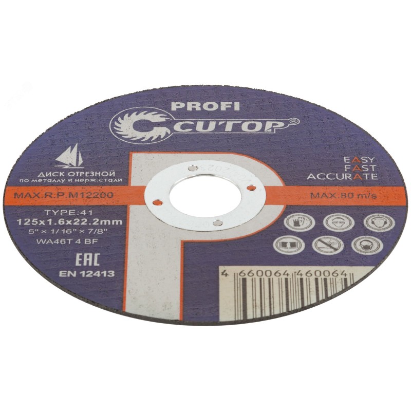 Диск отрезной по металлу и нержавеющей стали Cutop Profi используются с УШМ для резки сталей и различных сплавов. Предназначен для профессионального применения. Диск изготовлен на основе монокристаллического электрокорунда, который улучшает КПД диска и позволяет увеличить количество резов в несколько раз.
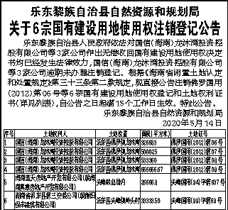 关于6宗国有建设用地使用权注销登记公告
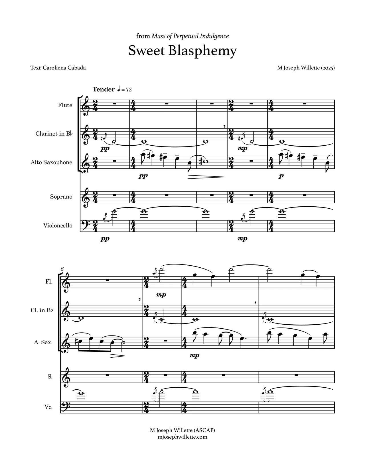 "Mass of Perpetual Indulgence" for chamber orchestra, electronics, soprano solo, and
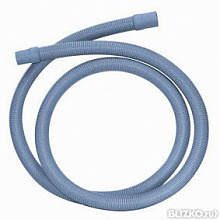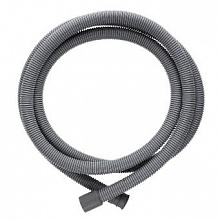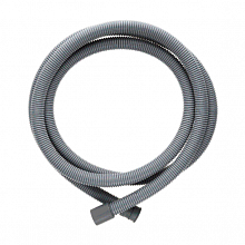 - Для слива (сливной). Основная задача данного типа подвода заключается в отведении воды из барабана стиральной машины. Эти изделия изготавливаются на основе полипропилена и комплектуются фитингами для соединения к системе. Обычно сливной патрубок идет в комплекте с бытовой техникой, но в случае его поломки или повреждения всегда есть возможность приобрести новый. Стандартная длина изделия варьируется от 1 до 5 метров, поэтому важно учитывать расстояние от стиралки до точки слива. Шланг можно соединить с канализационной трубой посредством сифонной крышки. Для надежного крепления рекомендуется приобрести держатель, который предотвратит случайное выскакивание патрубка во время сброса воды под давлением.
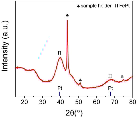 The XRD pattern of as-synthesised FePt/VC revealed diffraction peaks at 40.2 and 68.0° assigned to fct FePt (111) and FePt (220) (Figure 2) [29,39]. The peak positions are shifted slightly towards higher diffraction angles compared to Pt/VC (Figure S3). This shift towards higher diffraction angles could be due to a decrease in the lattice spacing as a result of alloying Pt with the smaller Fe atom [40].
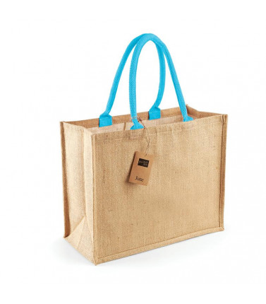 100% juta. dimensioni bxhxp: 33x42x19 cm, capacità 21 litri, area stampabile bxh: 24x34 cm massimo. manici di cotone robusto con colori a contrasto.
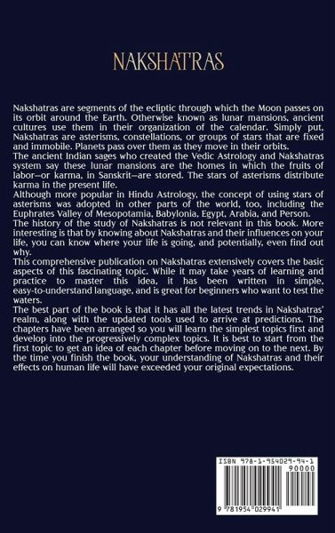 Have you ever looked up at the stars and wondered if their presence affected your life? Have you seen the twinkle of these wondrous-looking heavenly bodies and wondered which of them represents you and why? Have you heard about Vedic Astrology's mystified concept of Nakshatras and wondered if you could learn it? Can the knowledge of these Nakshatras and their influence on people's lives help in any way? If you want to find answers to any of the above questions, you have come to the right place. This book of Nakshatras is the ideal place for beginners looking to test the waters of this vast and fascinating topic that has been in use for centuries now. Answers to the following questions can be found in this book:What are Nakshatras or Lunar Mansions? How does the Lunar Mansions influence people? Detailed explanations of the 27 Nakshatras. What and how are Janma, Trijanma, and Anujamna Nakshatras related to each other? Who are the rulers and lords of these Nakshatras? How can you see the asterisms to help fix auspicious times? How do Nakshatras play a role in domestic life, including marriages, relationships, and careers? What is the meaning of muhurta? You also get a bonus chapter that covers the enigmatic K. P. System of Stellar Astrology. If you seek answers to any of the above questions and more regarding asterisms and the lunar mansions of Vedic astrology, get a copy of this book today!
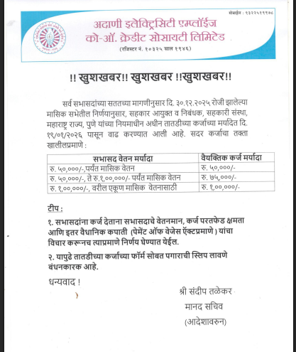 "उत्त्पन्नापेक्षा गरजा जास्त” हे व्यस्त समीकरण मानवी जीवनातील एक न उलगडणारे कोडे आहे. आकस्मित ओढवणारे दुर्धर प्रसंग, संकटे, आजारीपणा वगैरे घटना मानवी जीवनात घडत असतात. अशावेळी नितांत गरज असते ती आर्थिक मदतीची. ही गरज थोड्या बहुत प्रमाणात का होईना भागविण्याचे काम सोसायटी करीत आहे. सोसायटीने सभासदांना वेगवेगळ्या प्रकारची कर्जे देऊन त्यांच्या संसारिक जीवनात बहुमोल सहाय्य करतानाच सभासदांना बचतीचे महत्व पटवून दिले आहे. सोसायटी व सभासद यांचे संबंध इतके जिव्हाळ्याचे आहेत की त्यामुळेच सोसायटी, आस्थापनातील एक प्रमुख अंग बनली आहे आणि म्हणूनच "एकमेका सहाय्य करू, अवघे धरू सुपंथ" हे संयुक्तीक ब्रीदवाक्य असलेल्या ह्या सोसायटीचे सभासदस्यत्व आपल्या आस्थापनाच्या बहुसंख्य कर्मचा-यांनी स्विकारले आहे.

▶ [WORK ITEM]
Copy the lines above between the one holding "soprano solo, and" and the one holding "- Для слива", inclusive. Drop the pictures.

▶ [EXERCISE RESPONSE]
 "Mass of Perpetual Indulgence" for chamber orchestra, electronics, soprano solo, and
 - Для слива (сливной). Основная задача данного типа подвода заключается в отведении воды из барабана стиральной машины. Эти изделия изготавливаются на основе полипропилена и комплектуются фитингами для соединения к системе. Обычно сливной патрубок идет в комплекте с бытовой техникой, но в случае его поломки или повреждения всегда есть возможность приобрести новый. Стандартная длина изделия варьируется от 1 до 5 метров, поэтому важно учитывать расстояние от стиралки до точки слива. Шланг можно соединить с канализационной трубой посредством сифонной крышки. Для надежного крепления рекомендуется приобрести держатель, который предотвратит случайное выскакивание патрубка во время сброса воды под давлением.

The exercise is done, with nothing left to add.